The researchers also wanted to test whether the link between honor cultures and an aversion to apologies was more than a correlation: Did valuing honor cause someone to avoid saying sorry? To find out, they asked a sample of American adults to imagine they lived in a future society. Some were assigned to a community that valued protecting one’s reputation, while others were placed in one that prized entertainment and leisure. Highlighting concerns about honor and reputation (what the authors termed “virility”) significantly dampened people’s willingness to apologize.

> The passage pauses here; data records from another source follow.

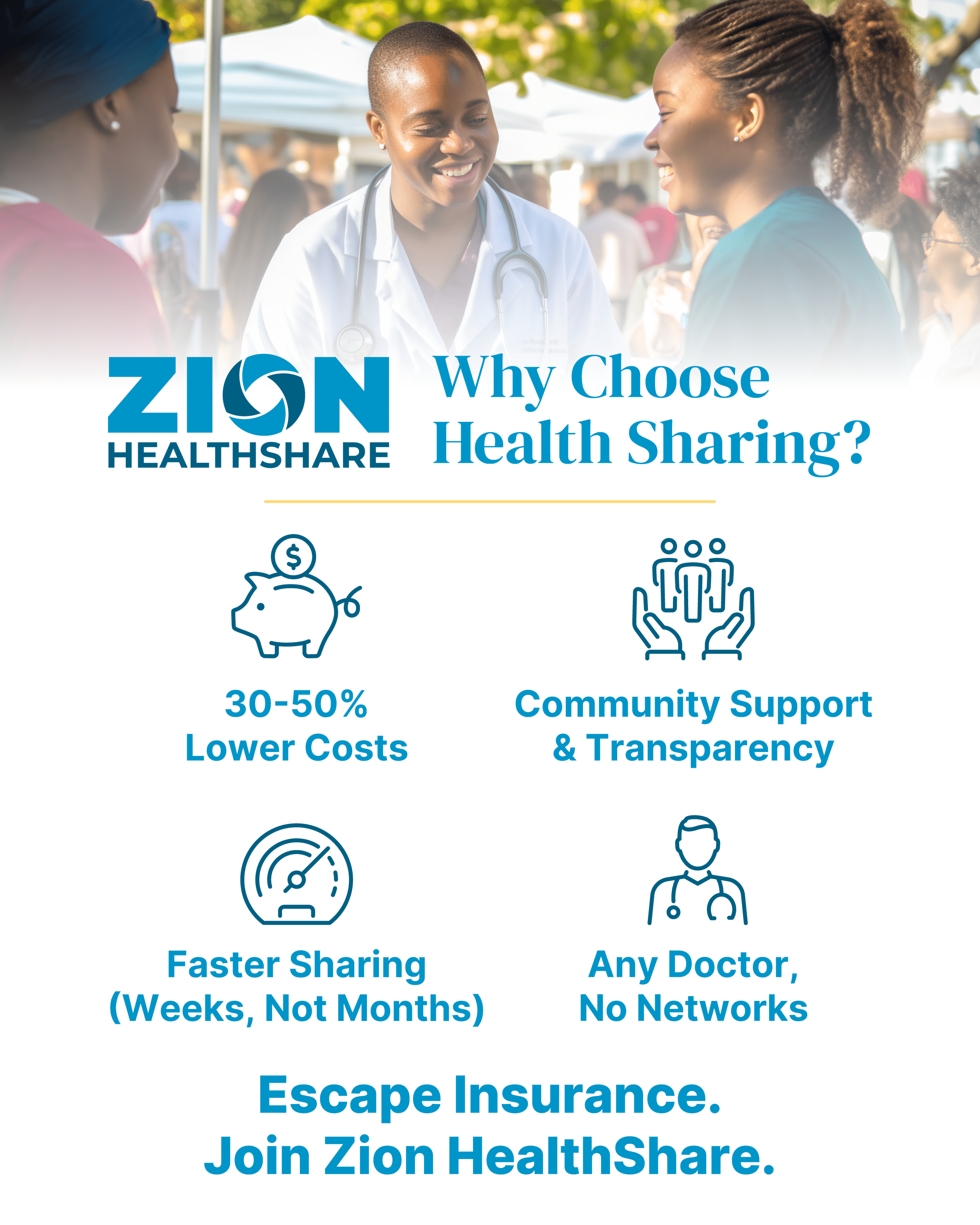 Escape Insurance. Join Zion HealthShare
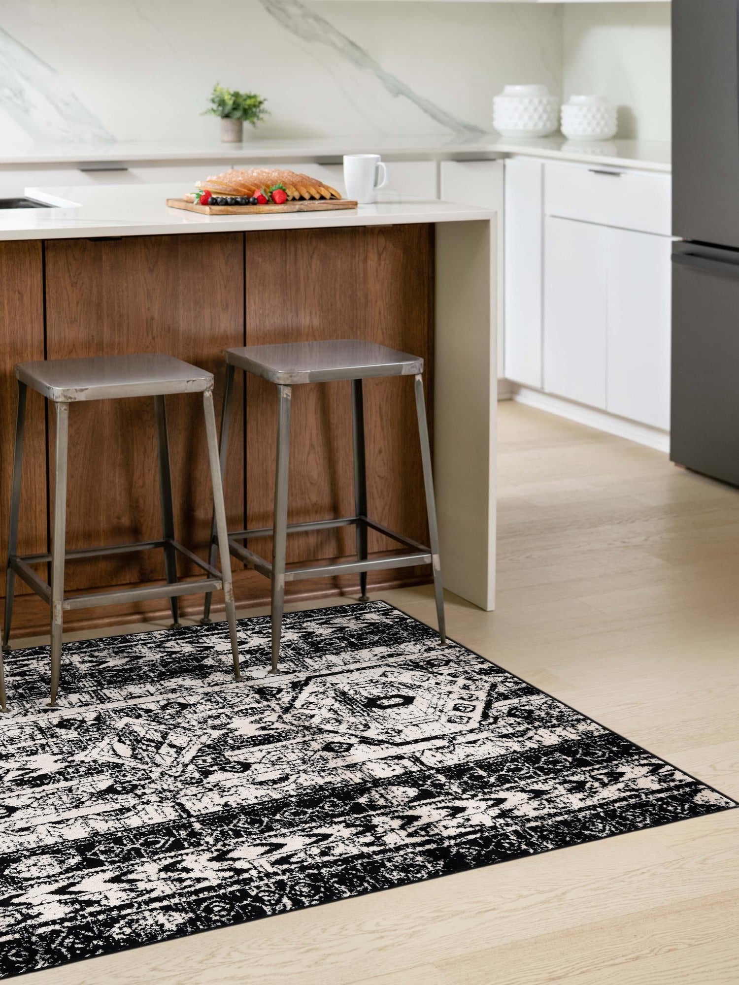 - Stunning Color Palette: The classic black and white color scheme offers a timeless aesthetic that complements a variety of interior styles. This rug can serve as a striking contrast against colorful decor or as a subtle addition to a monochromatic theme. Its versatile colors ensure it will effortlessly blend into your home design.
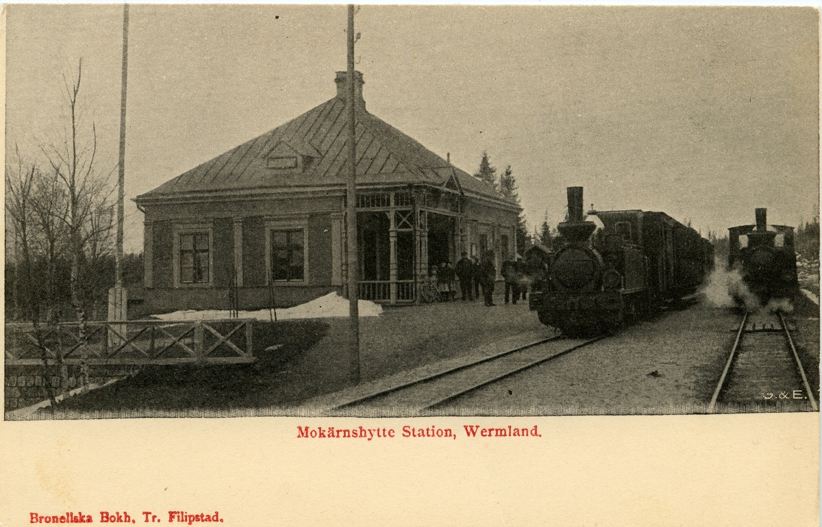 Titel: Vykort med texten Mokärnshytte Station Wermland. Bronellska bokhandeln Trafikplats Filipstad.
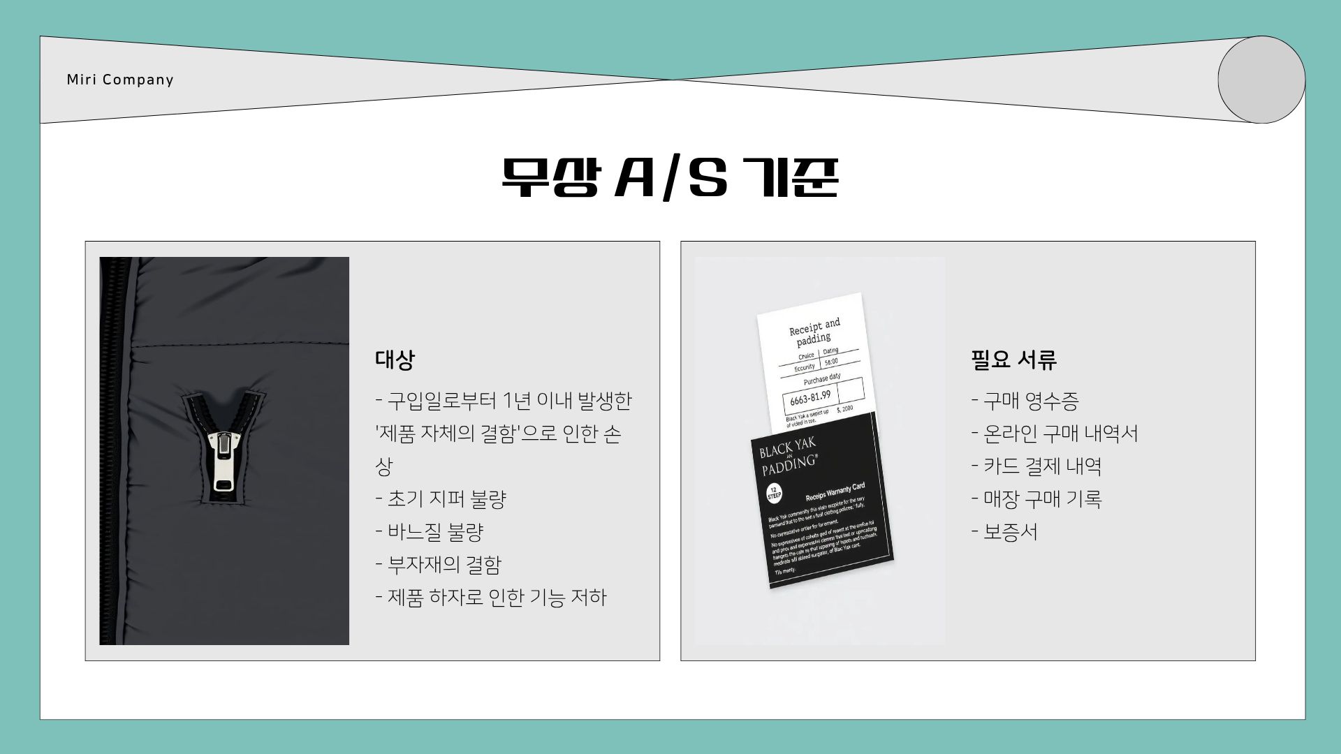 - 패딩의 손상 부위를 직원에게 보여주고 A/S 접수증을 작성합니다.
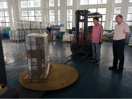 随后,大家一同先后到化工填料车间、分子筛车间、智慧仓储车间、防疫物资车间参观,并就校企合作进行探讨交流。
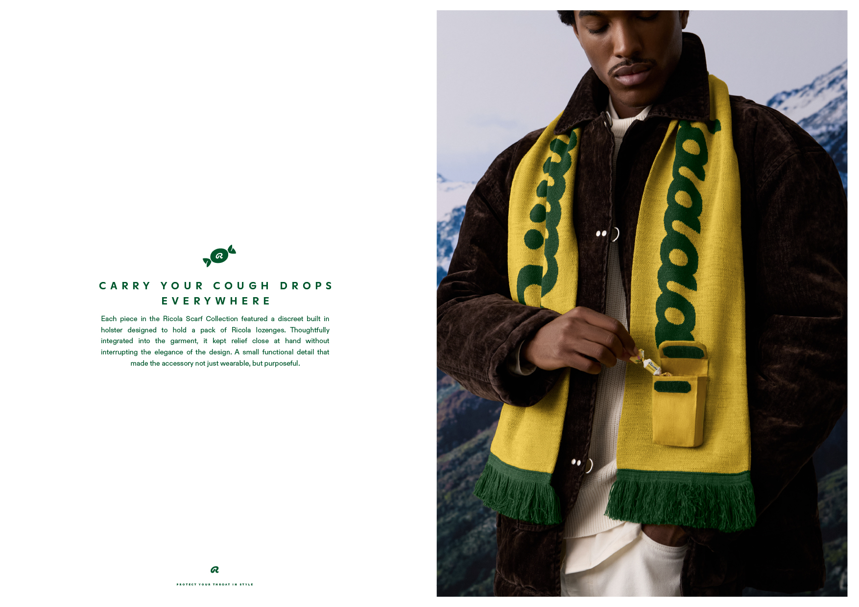 Introducing Ricola's Winter Collection: a line of cough drop-scented scarves infused with Ricola's signature Swiss alpine herbs. These fashion statements are designed in Europe from premium textiles, lightly scented with natural essential oils, and designed with a small hidden pocket for stashing cough drops on the go.
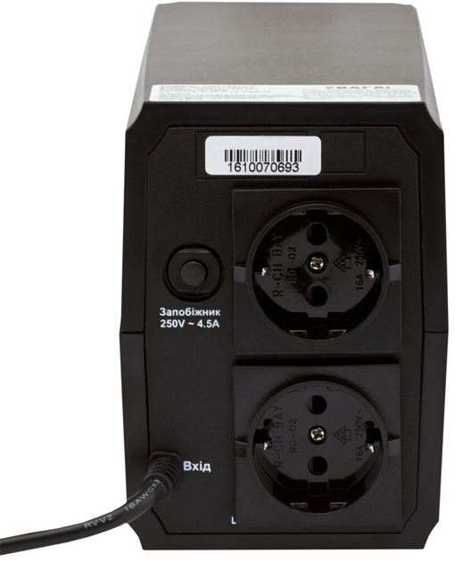 Захисний функціонал інтерактивного джерела безперебійного живлення передбачає: захист від короткого замикання, стрибків напруги, перевантаження, розряджання та надлишкового заряджання батарей. Автопідзаряджання пристрою відбувається у вимкненому стані. Має 2 євро-розетки, функції холодного старту та повторного запуску під час відновлення напруги в мережі.
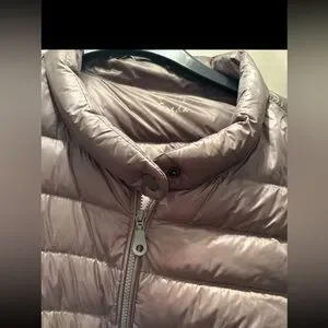 Stylish metallic puffer jacket with front pockets. Perfect for cold weather.
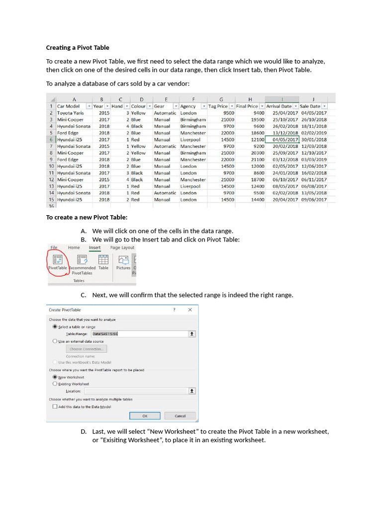 D. Last, we will select “New Worksheet” to create the Pivot Table in a new worksheet,
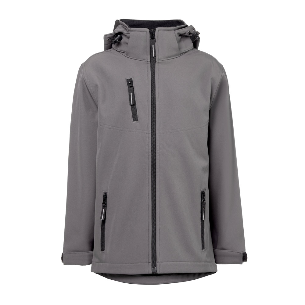 Chaqueta para niño en softshell 96% poliéster reciclado y 4% elastano (280 g/m²), con dos cordones y forro resistente al agua. Chaqueta forrada en polar (100% poliéster reciclado) con 2 bolsillos delanteros y un bolsillo diagonal en el pecho, ambos con cremallera. Capucha desmontable y ajustable con cordón y cinta adhesiva con cremallera para ajustarse al cuello. Apertura frontal con cremallera YKK®: una marca que utiliza equipos modernos y control de alta calidad. Puños ajustables con tira de cierre adhesivo. Espalda baja redondeada. Tamaños: 4, 6, 8, 10, 12
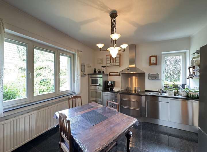 In einer ruhigen Stadtgegend von Ibbenbüren in Hanglage befindet sich dieses schöne und sehr gepflegte Einfamilienhaus aus dem Jahr 1955. Auf einem großzügigen Grundstück von 918 m² bietet das Haus mit ca. 152 m² Wohnfläche und eine Nutzfläche von ca. 116 m² ein behagliches Zuhause für Familien, Paare oder alle, die das Leben im Grünen mit städtischer Nähe verbinden möchten.
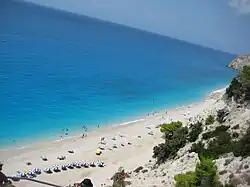 Egremni or Egremnoi (Greek: Εγκρεμνή or Εγκρεμνοί) is a remote beach located on the south-western coast of the Ionian island of Lefkada, north-western Greece. Since the creation of a sealed road during the mid-1990s, this remote beach has become one of the premier tourist destinations on the island, and in Europe as a whole.
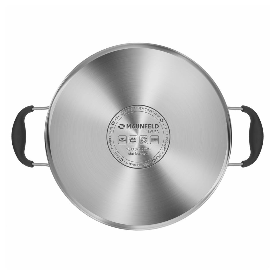 Посуда из нержавеющей стали неизменно пользуется любовью хозяек и поваров, которые знают толк в приготовлении вкусной еды. Продукты, приготовленные в посуде MAUNFELD серии LAURA из нержавеющей стали, надолго сохраняют питательные свойства, витамины, натуральный аромат и вкус приготовленных блюд. В них можно готовить первые блюда, вареные овощи, макароны, каши, пельмени, компоты и многое другое.
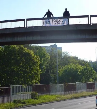 8. máj a ukončenie II. svetovej vojny si pripomenuli aj antifašistické skupiny z Bratislavy. V tento deň na viacerých symbolických miestach hlavného mesta Slovenska rozvešali transparenty, upozorňujúce okoloidúcu verejnosť na fakt, že aj 63 rokov po porážke nacizmu v 2. Sv. vojne sa ešte stále nájdu (s)túpenci tejto zvrátenej ideológie. Ciele neonacistov sú rovnako zhubné a nebezpečné tak ako ich predchodcov, preto sa im treba postaviť. Jedným z miest, ktorým sme si uctili pamiatku bol aj protilietadlový kanón - symbol historického víťazstva nad fašizmom na Partizánskej lúke v oddychovej časti bratislavského lesoparku. Ďalším miestom bol Nový most, zvaný aj Most SNP. Pomenovaný je podľa Slovenského národného povstania, ktoré začalo roku 1944 ako reakcia proti vstupu nemeckého Wermachtu na Slovenské územie a tak bolo odbojom proti nastávajúcej fašistickej vláde na čele s Jozefom Tisom. Napriek tomu, že nemecké jednotky povstaleckú armádu porazili, časť z nej prešla na partizánsky spôsob boja, ktorí Partizáni viedli proti nacistom až do oslobodenia krajiny. Aj ďalšie transparenty niesli viac než jasný odkaz. Nestačí si pripomenúť porážku nacistov len raz do roka- každý z nás by mal byť antifašistom 365 dní v roku! Inde, v hlbšom centre Bratislavy, sme si smútočným vencom uctili pamiatku odvážnej mladej partizánky Violy Valachovej, ktorá sa nebála vo svojich pätnástich rokoch vyrábať protifašisticky orientované letáky a po večeroch ich rozlepovať po uliciach Bratislavy. Pri odvážnom útoku na nemecké obrnené vozidlo bola Viola ako šestnásťročná zastrelená. Nezabúdame i na ďalších, ktorí obetovali svoje životy v boji proti fašizmu a týmto im ďakujeme za ich odvahu a odhodlanie. Bez nich by sme tu dnes nemuseli byť. Boj neskončil pokiaľ nevyhráme!

Gelfand and her team theorized that shifting participants’ perspectives on honor might reverse this trend. “Honor is about both virility and virtue, or moral integrity,” Gelfand says. Indeed, when the researchers added a third scenario — a society that values moral behavior or virtue — people were more likely to apologize and considered apologies more effective than those primed to think about reputation. “When we start activating people’s thoughts about honor being about virtue or integrity, it allows them to overcome this reluctance to apologize,” Gelfand says.

The team’s findings have the potential to reduce friction in families, business relationships, and international relations. “It might cause a lot of cross-cultural miscommunication and misunderstanding when you expect an apology but it’s not forthcoming,” Gelfand says. “Once we can shift the focus to virtue, we can perhaps help people manage conflict better and still uphold their cultural values.”

Gelfand says there’s much more to learn about the cultural dynamics of apologies and forgiveness. Is it more acceptable for certain people to say sorry in honor-based societies? Can apologies become contagious, spreading through a society once someone sets an example? How can we best manage disputes and negotiations that are fundamentally about honor? “Honor cultures are still poorly understood in psychology and organizational behavior,” Gelfand says.

Further research on these topics could help people get along better with those with different values. “We’re not trying to say, ‘How do we change honor cultures?’” Gelfand says. “We have to work through the psychology of honor.”